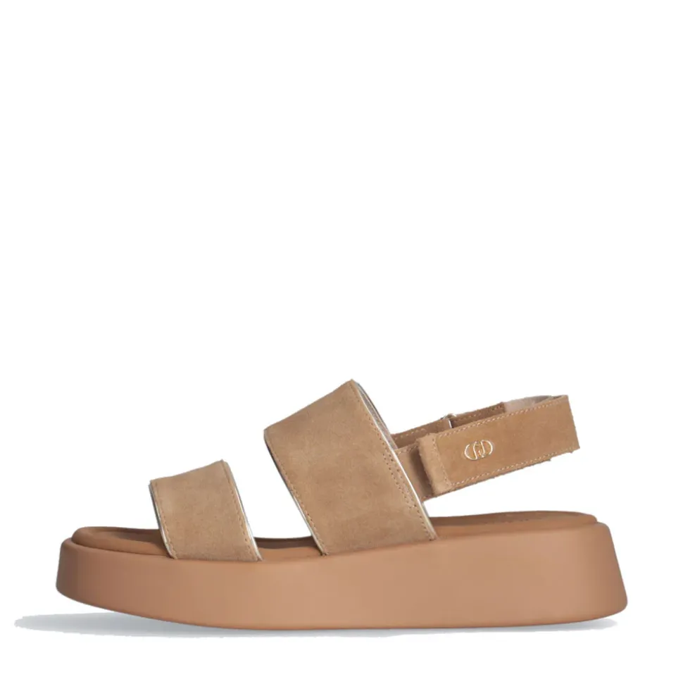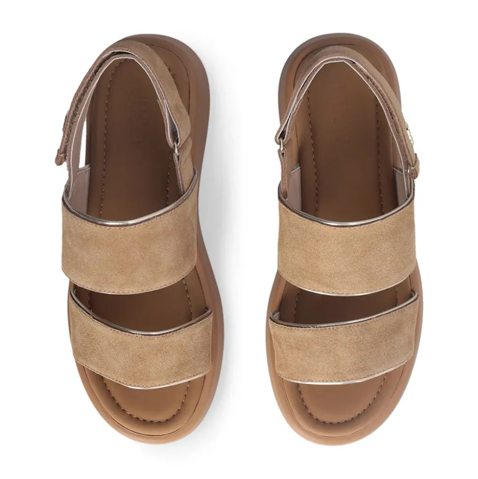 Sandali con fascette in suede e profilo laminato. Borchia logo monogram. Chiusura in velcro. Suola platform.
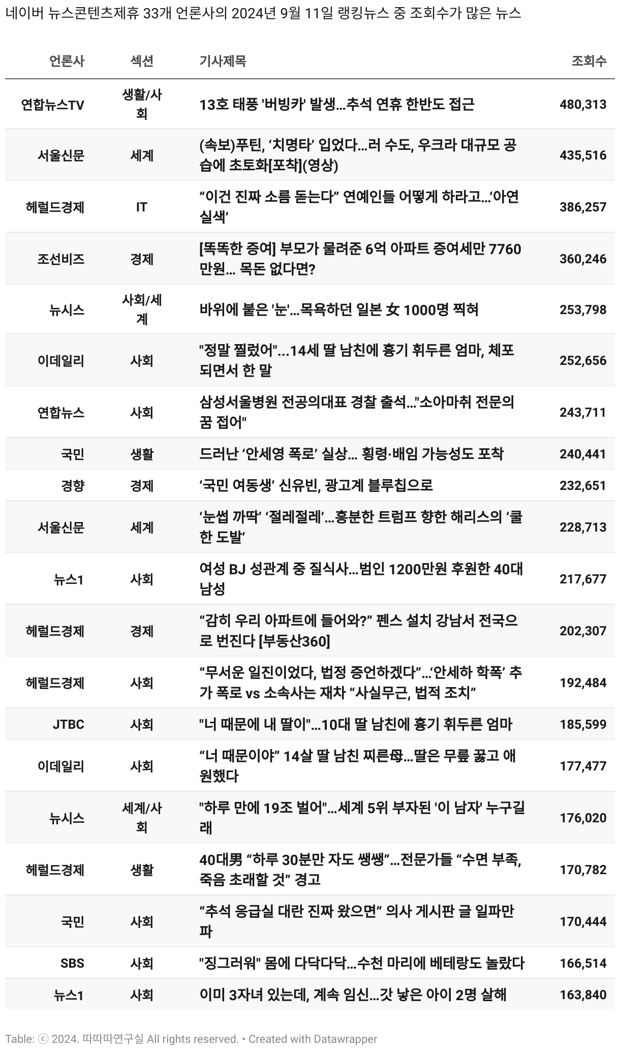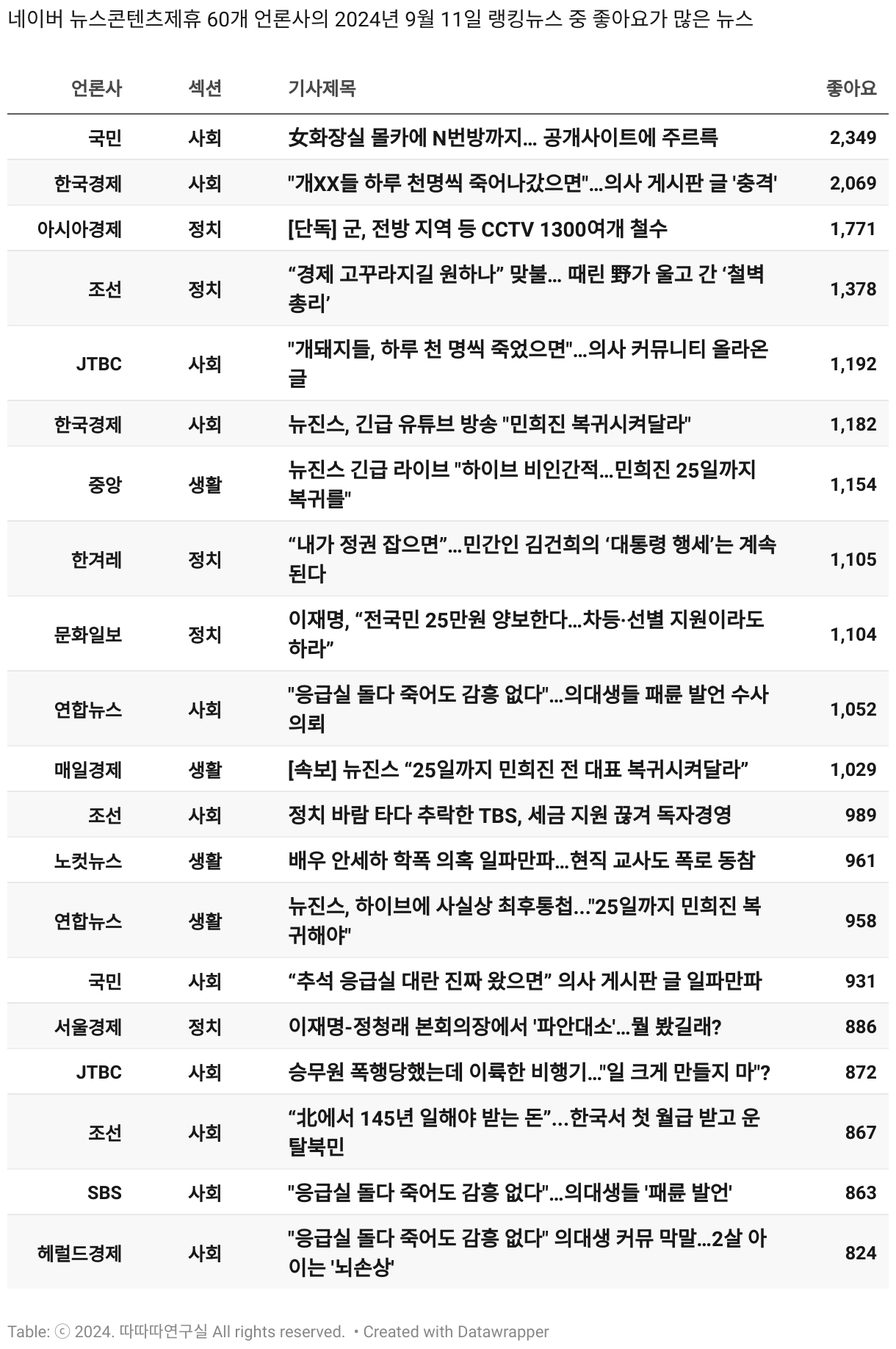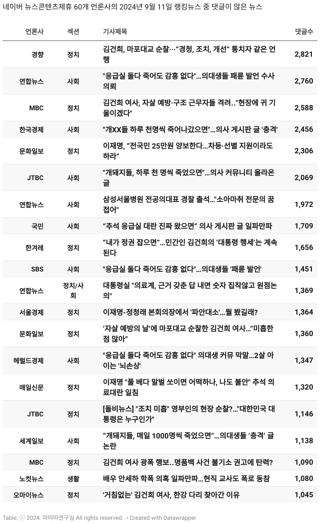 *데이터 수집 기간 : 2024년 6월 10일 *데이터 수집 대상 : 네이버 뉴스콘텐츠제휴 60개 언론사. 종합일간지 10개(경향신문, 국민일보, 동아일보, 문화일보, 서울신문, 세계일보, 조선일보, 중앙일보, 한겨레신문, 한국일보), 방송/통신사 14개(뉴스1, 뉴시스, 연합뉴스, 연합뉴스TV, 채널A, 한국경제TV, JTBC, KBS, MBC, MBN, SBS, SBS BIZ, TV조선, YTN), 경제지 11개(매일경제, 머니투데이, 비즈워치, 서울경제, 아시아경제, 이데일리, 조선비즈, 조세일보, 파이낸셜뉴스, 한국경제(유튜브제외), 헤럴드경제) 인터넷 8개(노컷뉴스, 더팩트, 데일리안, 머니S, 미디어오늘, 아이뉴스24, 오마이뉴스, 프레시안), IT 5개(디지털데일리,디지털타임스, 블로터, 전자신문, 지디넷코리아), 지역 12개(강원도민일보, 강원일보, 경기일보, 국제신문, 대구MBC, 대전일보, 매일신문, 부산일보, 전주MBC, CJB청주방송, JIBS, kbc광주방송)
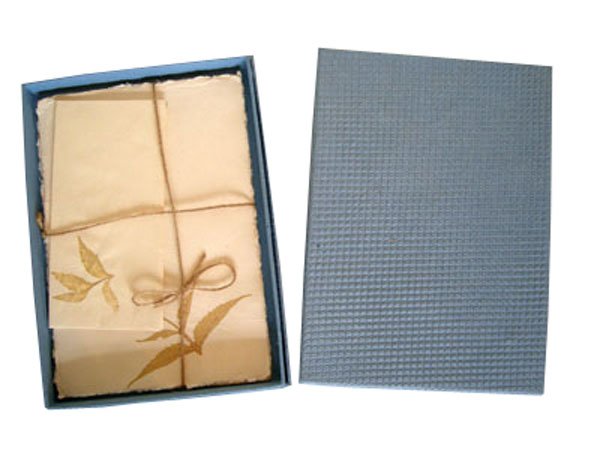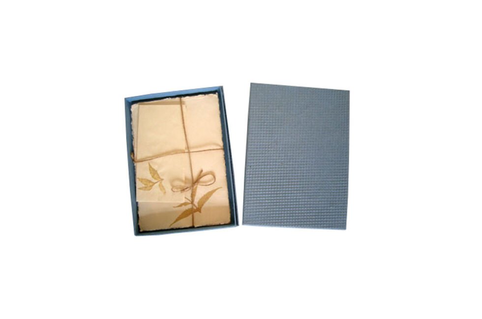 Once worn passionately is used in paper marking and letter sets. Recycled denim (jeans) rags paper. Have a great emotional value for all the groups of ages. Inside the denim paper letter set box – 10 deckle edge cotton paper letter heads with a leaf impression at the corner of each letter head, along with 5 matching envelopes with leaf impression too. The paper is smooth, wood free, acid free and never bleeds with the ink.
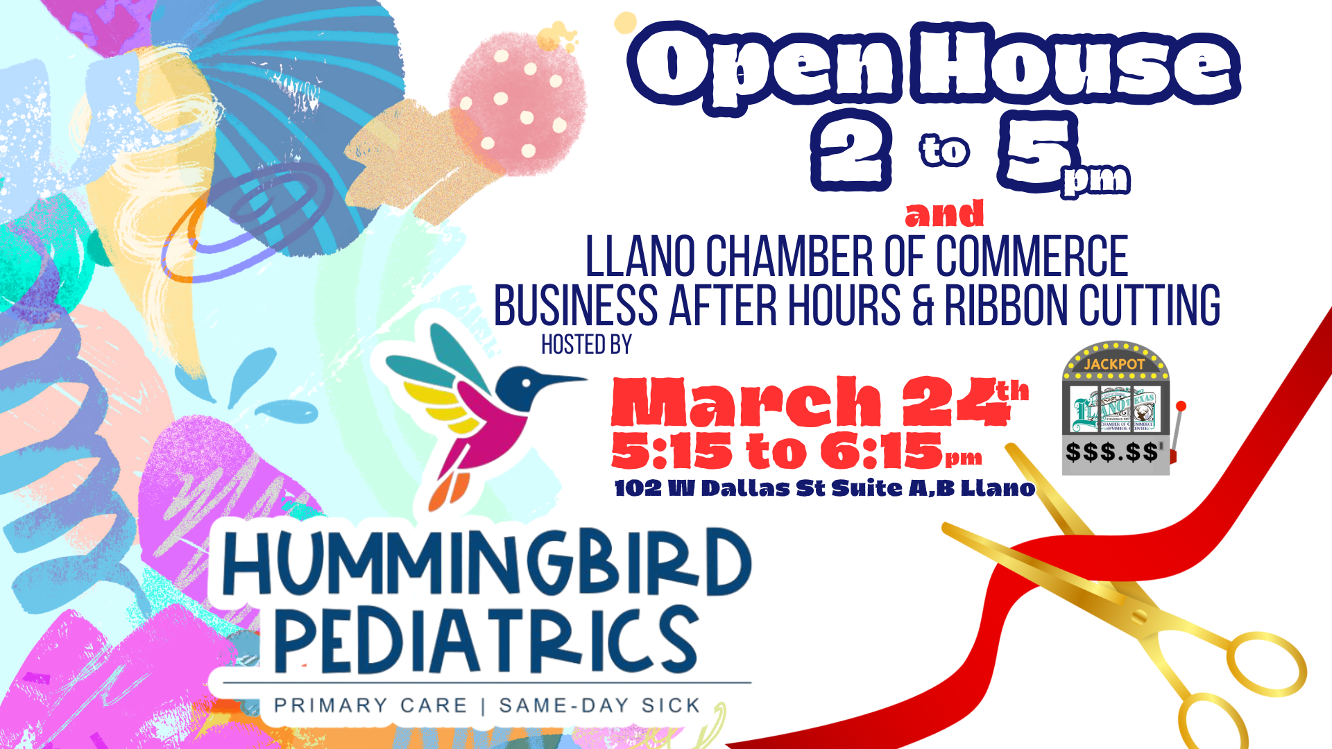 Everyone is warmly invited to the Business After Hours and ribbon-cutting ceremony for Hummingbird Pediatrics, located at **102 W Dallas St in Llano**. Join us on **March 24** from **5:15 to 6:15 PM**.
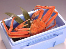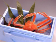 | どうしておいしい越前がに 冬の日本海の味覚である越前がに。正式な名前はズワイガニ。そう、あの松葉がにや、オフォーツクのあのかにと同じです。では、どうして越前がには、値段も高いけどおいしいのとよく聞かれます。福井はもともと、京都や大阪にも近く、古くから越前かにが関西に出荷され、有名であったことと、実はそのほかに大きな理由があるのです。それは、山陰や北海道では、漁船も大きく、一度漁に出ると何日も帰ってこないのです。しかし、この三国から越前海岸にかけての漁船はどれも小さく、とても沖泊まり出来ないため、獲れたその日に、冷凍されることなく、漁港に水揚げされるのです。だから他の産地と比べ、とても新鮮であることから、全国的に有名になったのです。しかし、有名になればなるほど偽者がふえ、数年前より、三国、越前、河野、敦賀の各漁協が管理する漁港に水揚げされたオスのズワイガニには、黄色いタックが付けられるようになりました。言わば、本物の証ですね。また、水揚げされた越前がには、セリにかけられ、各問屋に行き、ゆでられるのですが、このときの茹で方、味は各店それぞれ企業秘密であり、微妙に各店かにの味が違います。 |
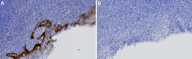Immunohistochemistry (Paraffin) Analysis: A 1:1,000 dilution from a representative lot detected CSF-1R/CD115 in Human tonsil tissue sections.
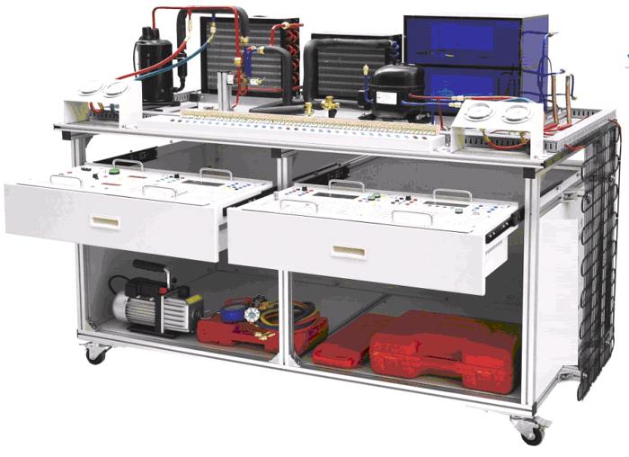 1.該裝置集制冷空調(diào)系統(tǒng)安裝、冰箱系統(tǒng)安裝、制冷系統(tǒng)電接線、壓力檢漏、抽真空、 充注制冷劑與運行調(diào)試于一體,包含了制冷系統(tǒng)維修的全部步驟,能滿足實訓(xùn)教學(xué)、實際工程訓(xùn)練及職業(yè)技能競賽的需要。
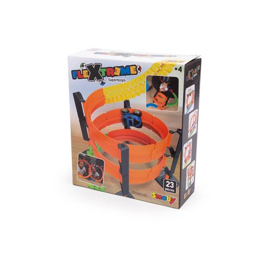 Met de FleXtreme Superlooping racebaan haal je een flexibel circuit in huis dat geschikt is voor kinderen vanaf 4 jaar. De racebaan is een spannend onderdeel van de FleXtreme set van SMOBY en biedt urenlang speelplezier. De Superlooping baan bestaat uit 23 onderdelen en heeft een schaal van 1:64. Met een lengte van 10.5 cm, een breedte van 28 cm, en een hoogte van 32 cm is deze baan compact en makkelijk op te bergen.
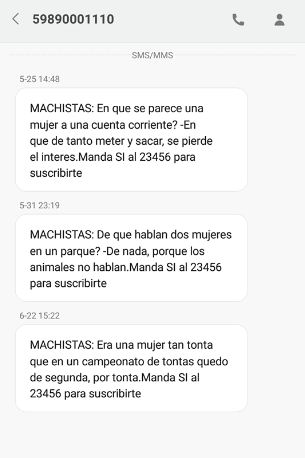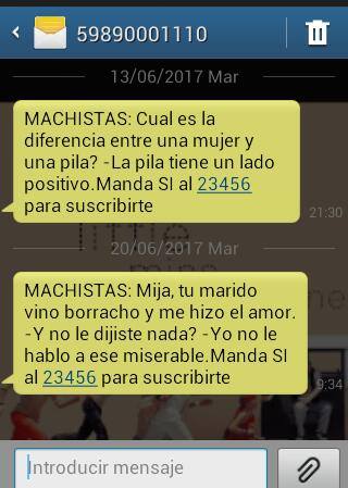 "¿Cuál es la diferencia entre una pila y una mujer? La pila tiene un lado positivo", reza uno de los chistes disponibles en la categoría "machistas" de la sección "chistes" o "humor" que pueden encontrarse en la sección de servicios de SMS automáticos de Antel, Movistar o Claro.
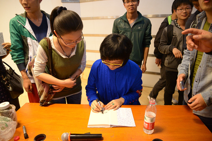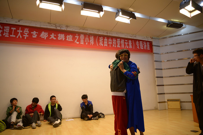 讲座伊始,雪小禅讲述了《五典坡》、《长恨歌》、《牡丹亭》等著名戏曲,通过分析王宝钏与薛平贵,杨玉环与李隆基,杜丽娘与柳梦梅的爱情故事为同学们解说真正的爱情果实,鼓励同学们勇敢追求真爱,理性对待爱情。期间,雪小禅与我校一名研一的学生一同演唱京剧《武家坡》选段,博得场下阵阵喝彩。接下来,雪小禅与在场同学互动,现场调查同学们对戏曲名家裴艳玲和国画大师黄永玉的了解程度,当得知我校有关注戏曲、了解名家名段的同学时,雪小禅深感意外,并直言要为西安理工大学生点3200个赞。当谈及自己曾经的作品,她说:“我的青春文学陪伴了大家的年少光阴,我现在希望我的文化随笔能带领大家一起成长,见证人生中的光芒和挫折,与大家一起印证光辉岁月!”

----------------------------------------

Task item: Using the records above, print exactly the lines between the ones containing "Everyone is warmly" and "1.該裝置集制冷空調(dià", inclusive, and nothing else; no pictures.

Answer space:
 Everyone is warmly invited to the Business After Hours and ribbon-cutting ceremony for Hummingbird Pediatrics, located at **102 W Dallas St in Llano**. Join us on **March 24** from **5:15 to 6:15 PM**.
 | どうしておいしい越前がに 冬の日本海の味覚である越前がに。正式な名前はズワイガニ。そう、あの松葉がにや、オフォーツクのあのかにと同じです。では、どうして越前がには、値段も高いけどおいしいのとよく聞かれます。福井はもともと、京都や大阪にも近く、古くから越前かにが関西に出荷され、有名であったことと、実はそのほかに大きな理由があるのです。それは、山陰や北海道では、漁船も大きく、一度漁に出ると何日も帰ってこないのです。しかし、この三国から越前海岸にかけての漁船はどれも小さく、とても沖泊まり出来ないため、獲れたその日に、冷凍されることなく、漁港に水揚げされるのです。だから他の産地と比べ、とても新鮮であることから、全国的に有名になったのです。しかし、有名になればなるほど偽者がふえ、数年前より、三国、越前、河野、敦賀の各漁協が管理する漁港に水揚げされたオスのズワイガニには、黄色いタックが付けられるようになりました。言わば、本物の証ですね。また、水揚げされた越前がには、セリにかけられ、各問屋に行き、ゆでられるのですが、このときの茹で方、味は各店それぞれ企業秘密であり、微妙に各店かにの味が違います。 |
Immunohistochemistry (Paraffin) Analysis: A 1:1,000 dilution from a representative lot detected CSF-1R/CD115 in Human tonsil tissue sections.
 1.該裝置集制冷空調(diào)系統(tǒng)安裝、冰箱系統(tǒng)安裝、制冷系統(tǒng)電接線、壓力檢漏、抽真空、 充注制冷劑與運行調(diào)試于一體,包含了制冷系統(tǒng)維修的全部步驟,能滿足實訓(xùn)教學(xué)、實際工程訓(xùn)練及職業(yè)技能競賽的需要。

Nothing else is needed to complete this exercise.